I thought about Josh, how sweet and normal he had seemed. I didn't want strangers looking at him beneath a microscope. I didn't want there to be a file in Langley with his name on it. But mostly, I didn't want to sit in a room and explain why he'd approached me, when the town square had been full of far prettier girls.
I looked down at the floor, shaking off the thought. "No, Liz, I can't do it. That is way too high a price to pay for talking to a girl."
Then Bex crossed her arms and grinned deviously in my direction. "I think there's something more to this story," she said with her usual flair. The rush of blood to my cheeks must have been enough to betray me, because she leaned down and said, "Spill it."

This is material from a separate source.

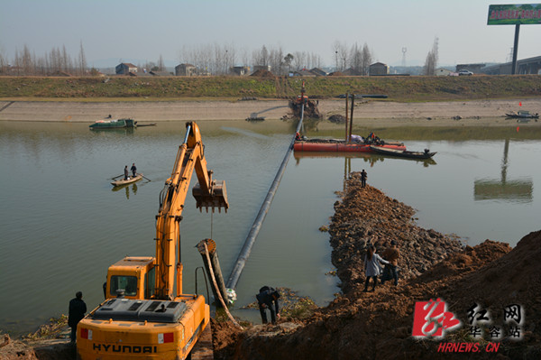 管道能否顺利落到水下管槽沟是施工的关键。10时许,记者在施工现场看到,隔河相对的两台挖机张开手臂牢牢地牵引着跨河输水管道的钢丝绳,长120米、直径为0.63米的硕大输水管道如一个巨大的一字横卧在华容河中。河中央,浮船一动不动静静地护着钢管不让偏离。10时30分,工程项目负责人一声令下,开始往输水管道内注水,10分钟后,注水处管道开始缓慢下沉,河中技术员2人一组划船不停比对和检测偏离方向。

So I told them about the trash can and the dropped Dr Pepper bottle and, finally, Tell Suzie she's a lucky cat, which, even if it hadn't been for the whole genius thing, I still would have been able to remember verbatim, because sentences like that are like peanut butter on a girl's mind. When I finished, Bex was staring at me as if she wondered whether or not I had been replaced by a genetically engineered clone, and Liz had a starry-eyed gaze very similar to the one Snow White wore while those birds fluttered above her head.